Stoke & Staffordshire

Staffordshire and Cheshire PFIs to cost taxpayers £6bn

University Hospital of North Staffordshire: old and new
Image caption The new UHNS, valued at £415m, is set to cost local taxpayers more than £2.6bn

Private financing of public projects in Staffordshire and Cheshire could cost taxpayers £6 billion - four times the capital value of the projects.

There are 17 Private Finance Initiatives (PFIs) in operation across the two counties including schools, fire stations and the new University Hospital of North Staffordshire.

Treasury estimates value the buildings at £1.5 billion.

However, the eventual cost to the taxpayer will be just under £6bn.

PFIs were first suggested under John Major's Conservative government in the late 1990s and were widely used by New Labour after 1997.

Under the contracts, private companies build and maintain public buildings and are paid by the state over a period of 25 to 30 years.
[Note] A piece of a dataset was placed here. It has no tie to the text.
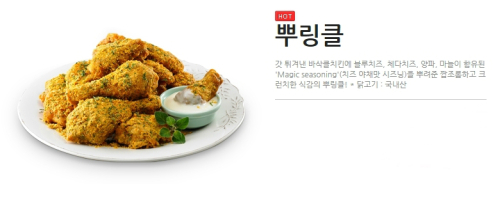 BHC의 '뿌링클 치킨'. 사진=BHC 홈페이지 캡처
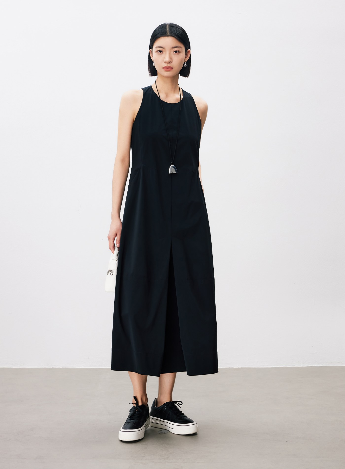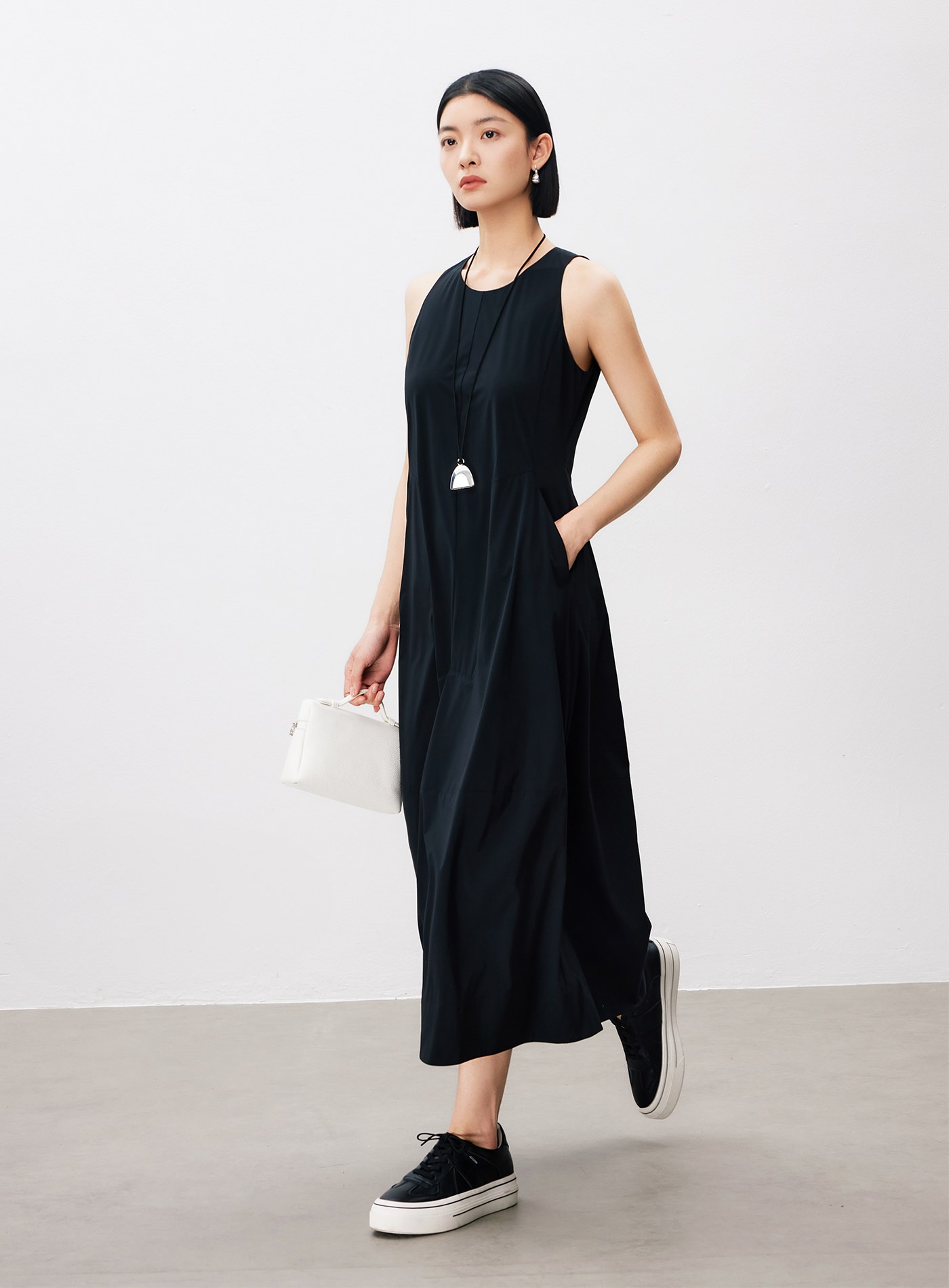 無袖壓摺綁帶飄逸洋裝$79 USD

Once the PFI is paid off, the development falls into state ownership.

'Only game in town'

The deals have been likened to mortgages, but Professor of Health Politics, Policy & Management at Keele University, Callum Paton, says the terms are unfair and will put a strain on public services in the future:

"Yes it's a kind of mortgage [the] trouble is, it's a very bad mortgage... it's jam today and pain tomorrow."

However, the Labour MP for Stoke-on-Trent South, Rob Flello, defends the contracts:

"The only game in town was the PFI... you look at the sheer scale of the schools and hospitals we've built... they simply wouldn't have happened without PFI."

Tighter controls

Compared to Staffordshire and Cheshire, Birmingham and the Black Country have 21 PFI projects, and according to government figures they are worth an estimated £1.8bn, but will ultimately cost five times that much at £10.2bn.

The disparity between capital values and the cost to taxpayer has led to calls for some of the firms involved to offer voluntary rebates.

The Conservative MP for the Staffordshire Moorlands, Karen Bradley, who used to negotiate PFI contracts before becoming an MP, says that in her experience private companies did not set out to make an "excessive profit".

During a recent backbench debate at Westminster the Economic Secretary to the Treasury, Justine Greening, indicated there would be tighter controls on the use of PFIs in the future.